Exclude columns from the table. Removes them from all SQL statements.

columns_to_exclude :: A list of columns to exclude when reading the table/view.

execute(statement, *list_params, connection_name: str = None, **params) → LegacyCursorResult[source]

Parameters:

statement¶ – The SQL statement to execute. Note: caller must handle the transaction begin/end.
connection_name¶ – Name of the pooled connection to use Defaults to DEFAULT_CONNECTION_NAME

Return type:

sqlalchemy.engine.ResultProxy with results

fill_cache(progress_frequency: float = 10, progress_message='{component} fill_cache current row # {row_number:,}', criteria_list: list = None, criteria_dict: dict = None, column_list: list = None, exclude_cols: frozenset = None, order_by: list = None, assume_lookup_complete: bool = None, allow_duplicates_in_src: bool = False, row_limit: int = None, parent_stats: Statistics = None)

Fill all lookup caches from the table.

Parameters:

progress_frequency¶ – How often (in seconds) to output progress messages. Default 10. None for no progress messages.
progress_message¶ – The progress message to print. Default is "{component} fill_cache current row # {row_number:,}". Note logical_name and row_number substitutions applied via format().
criteria_list¶ – Each string value will be passed to sqlalchemy.sql.expression.Select.where(). https://goo.gl/JlY9us
criteria_dict¶ – Dict keys should be columns, values are set using = or in
column_list¶ – List of columns to include
exclude_cols¶ (frozenset) – Optional. Columns to exclude when filling the cache
order_by¶ – list of columns to sort by when filling the cache (helps range caches)
assume_lookup_complete¶ – Should later lookup calls assume the cache is complete? If so, lookups will raise an Exception if a key combination is not found. Default to False if filtering criteria was used, otherwise defaults to True.
allow_duplicates_in_src¶ – Should we quietly let the source provide multiple rows with the same key values? Default = False
row_limit¶ – limit on number of rows to cache.
row_limit¶ – limit on number of rows to cache.
parent_stats¶ – Optional Statistics object to nest this steps statistics in. Default is to place statistics in the ETLTask level statistics.
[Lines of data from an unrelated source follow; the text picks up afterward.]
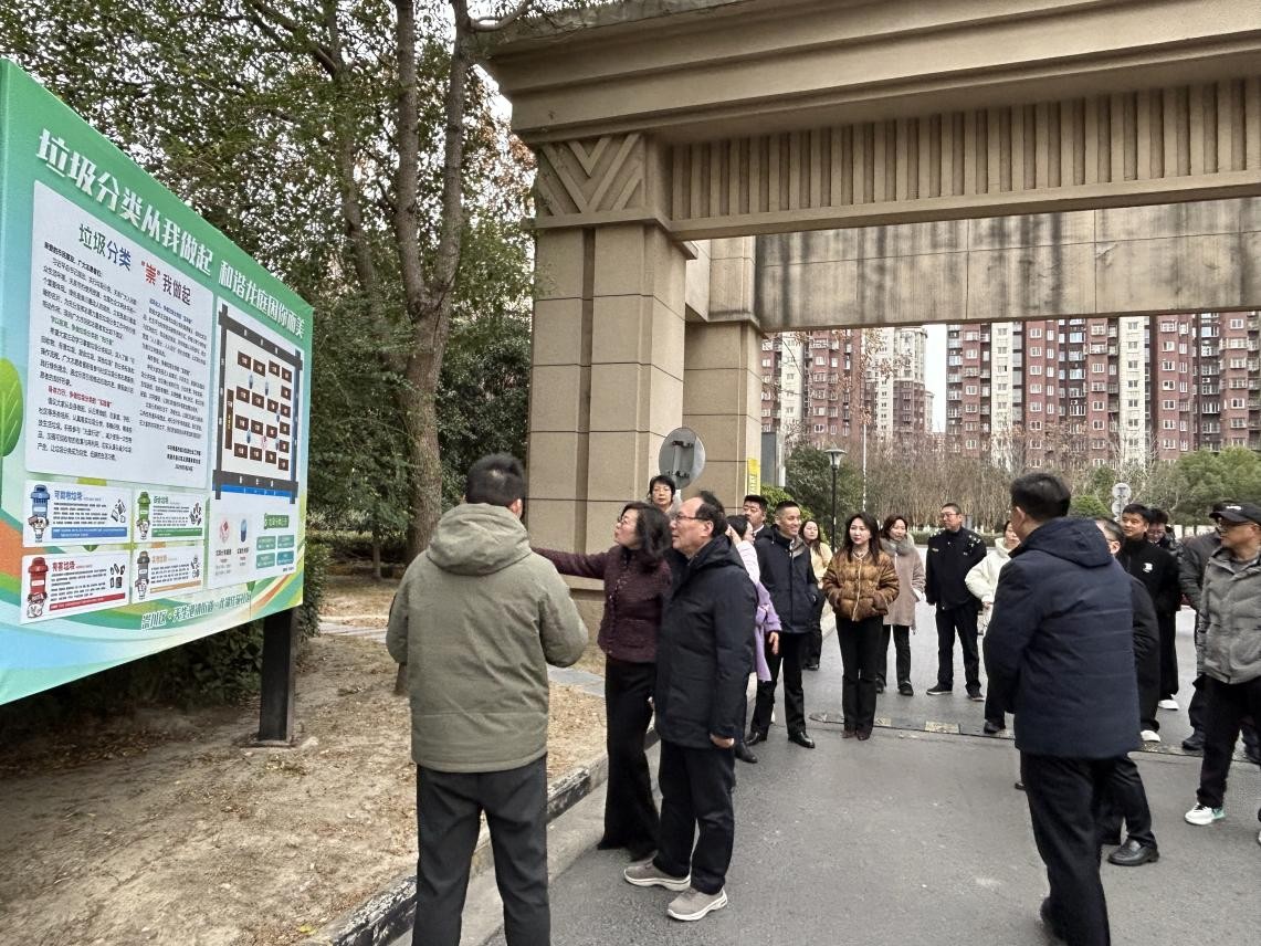 活动伊始,政协委员们一行实地调研了三八新村、滨湖新苑、龙庭景苑三个小区,现场查看垃圾分类厢房建设运维、居民分类投放实操、积分兑换机制运行等情况,直观感受街道在推进垃圾分类设施标准化建设、提升居民分类参与率、巩固分类工作实效等方面的积极探索与阶段性成效。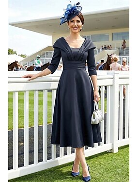 Linea ad A Lunghezza Tè Vestito da Festa Abito da Cocktail Abito da invitata a nozze Abito da cerimonia per signora Mezza Manica Bavero Elegante Minimalista Formale Ospite di nozze Raso con Tinta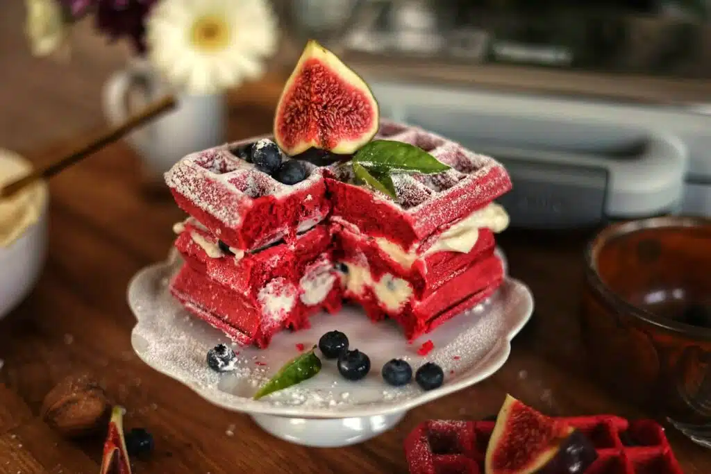 Whether you call it a unique breakfast or a red velvet twist, these soft and fluffy red velvet waffles are a delightful treat. Topped with a light, creamy layer of whipped cream cheese and fresh, juicy blueberries, they strike the perfect balance of sweetness and tang.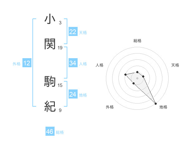 小関 駒紀さんを姓名の画数から五運を鑑定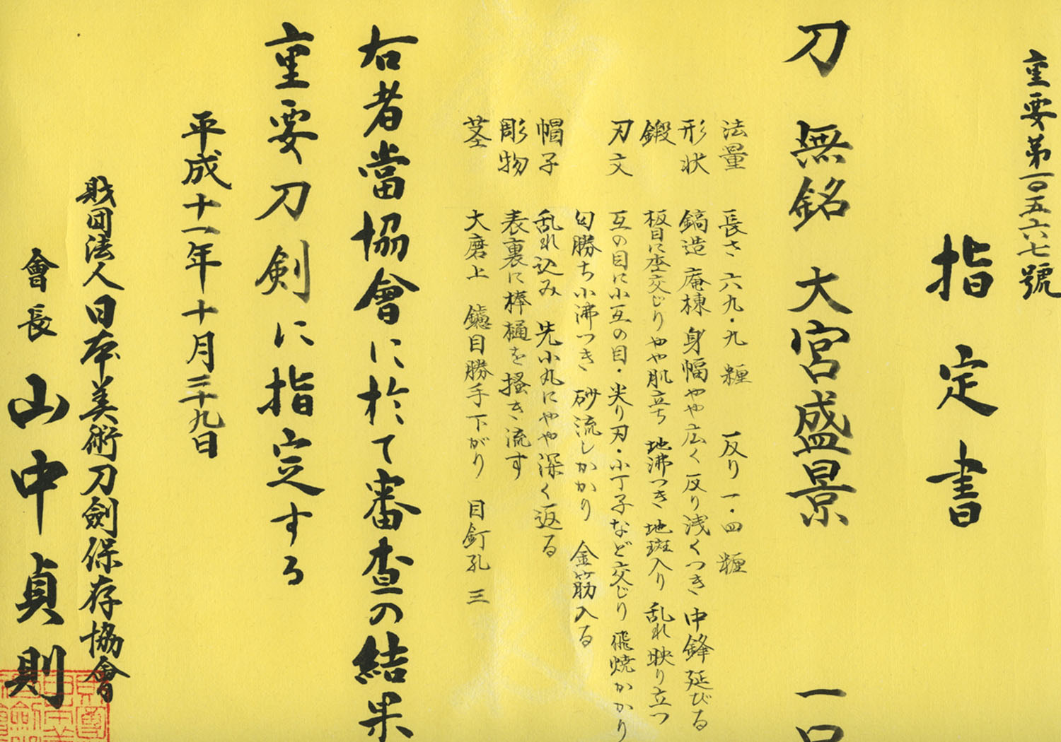 Designated Jûyô Tôken at the 45th Shinsa of 29 October, the 11th year of Heisei (1999)

fill_cache_from_source(source: ETLComponent, progress_frequency: float = 10, progress_message='{component} fill_cache current row # {row_number:,}', criteria_list: list = None, criteria_dict: dict = None, column_list: list = None, exclude_cols: frozenset = None, order_by: list = None, assume_lookup_complete: bool = None, allow_duplicates_in_src: bool = False, row_limit: int = None, parent_stats: Statistics = None)[source]

Fill all lookup caches from the table.

Parameters:

source¶ – Source compontent to get rows from.
progress_frequency¶ (int, optional) – How often (in seconds) to output progress messages. Default 10. None for no progress messages.
progress_message¶ (str, optional) – The progress message to print. Default is "{component} fill_cache current row # {row_number:,}". Note logical_name and row_number substitutions applied via format().
criteria_list¶ (string or list of strings) – Each string value will be passed to sqlalchemy.sql.expression.Select.where(). https://goo.gl/JlY9us
criteria_dict¶ (dict) – Dict keys should be columns, values are set using = or in
column_list¶ – List of columns to include
exclude_cols¶ – Optional. Columns to exclude when filling the cache
order_by¶ (list) – list of columns to sort by when filling the cache (helps range caches)
assume_lookup_complete¶ (boolean) – Should later lookup calls assume the cache is complete? If so, lookups will raise an Exception if a key combination is not found. Default to False if filtering criteria was used, otherwise defaults to True.
allow_duplicates_in_src¶ – Should we quietly let the source provide multiple rows with the same key values? Default = False
row_limit¶ (int) – limit on number of rows to cache.
parent_stats¶ (bi_etl.statistics.Statistics) – Optional Statistics object to nest this steps statistics in. Default is to place statistics in the ETLTask level statistics.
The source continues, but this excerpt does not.